Since the 2008 financial crisis most of the world’s economic headlines have been dominated by issues in the European Union and the collapse of Brazil. China’s been quietly evolving its economy from inefficient industrialisation to modernisation and with a change an increasingly educated labour force, generating more discerning domestic customers, the demand for better vehicles have been inevitable. 

Underestimate at your peril

From the ashes of the Second World War, Germany and Japan should theoretically never have gained the ascendancy as dominant automotive nations. America was poised to entrench itself and assist its allies in France and Britain to become unassailable. In the fullness of time, the unexpected became fact. 

Japanese and German brands have come to dominate in markets beyond their own, at the expense of others. American auto company bosses, blinded with arrogance from the golden age of American manufacturing in the 1960s, never foresaw changing consumer habits or the onset of dwindling product quality and appeal in their own cars. By the early 1980s, Japanese cars were commonplace in suburban America. More established neighbourhoods garaged the German ones. 

Image: Lance Branquinho

Despite having been the beneficiary of this strategic arrogance, instead of awareness, on behalf of the American auto industry, the Japanese repeated Chrysler, GM and Ford’s mistakes. In the 1980s, the Korean car industry was in its infancy and before Samsung and LG became a household brands, few people even knew where South Korea was. Today? Hyundai/Kia is the world’s fifth largest car brand, and its market share is not one sustained by discount pricing, it’s buoyed by actual customer demand for products considered desirable. 

China Auto 2.0 ready to go?  

American executive belittled the first wave of Japanese cars to arrive Stateside as insignificant toys. They weren’t classed as ‘proper’ cars. By the 1990s, Japanese brands had full-sized bakkies and sportscars expertly tailored to what American consumers desired and arguably superior to what GM, Chrysler or Ford could offer its domestic market. 

The South African experience with Korean cars, were much the same. Indifferent at first, in the 1990s, but by 2017, they’ve become respected brands. China certainly won’t be the Asian auto outlier. The trend of Asian automotive ascendancy appears destiny for Chinese brands. 

Korean car companies conquered global markets – and South Africa - because they had a lot of cash to burn and reinvested it in research and development. German engineers were lured to Korea and the results have been obvious. Chinese companies have even more cash to fund research and development initiatives, money they’re not shy at spending – especially if it means contracting skills beyond the Chinese mainland. 

Image: Lance Branquinho

Preceding Haval’s arrival in South Africa there was a startling bit of news from Germany, in May, to prove this point. An electric Chinese hypercar – the NIO EP9 – had set a new Nurburgring lap record, for its part, the most revered record of all for any road car wishing to illustrate superiority of performance.

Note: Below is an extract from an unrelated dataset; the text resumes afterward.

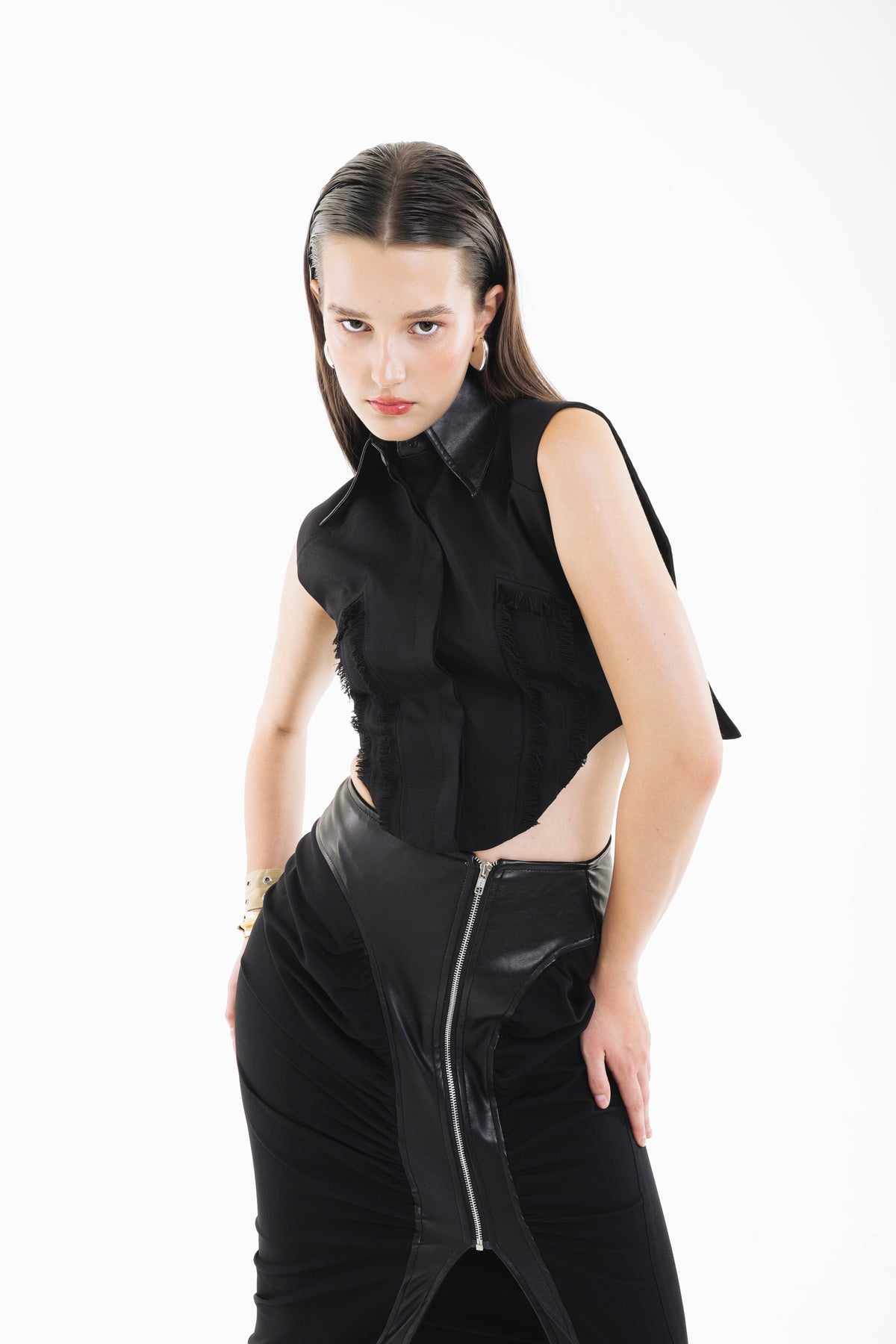 Clean, crisp, and architectural, the VORTEX SHIRT reimagines classic shirting through precise paneling and a sharply tailored collar. The cutaway sides introduce a modern, unexpected contour while maintaining a polished, minimalist refinement. Sleek seam detailing enhances the elongated silhouette, giving the piece a contemporary, gallery-like sophistication.

Debates about the EP9’s status as a ‘production car’ aside, it’s the collaborative nature of NIO’s global design bureaus, linking project teams from Munich, London and San Jose to those in Shanghai, which reveal the transforming way Chinese car companies are starting to function.

With demand for SUVs and crossovers showing no sign of waning, Haval’s poised to profit from that trend and leverage the evolving ability of Chinese engineering and manufacturing to transcend the traditional stereotype of Dragon auto brands.

Six of the world’s top ten Smartphone companies are Chinese. None of the world’s top ten car companies are. But it will change. Soon.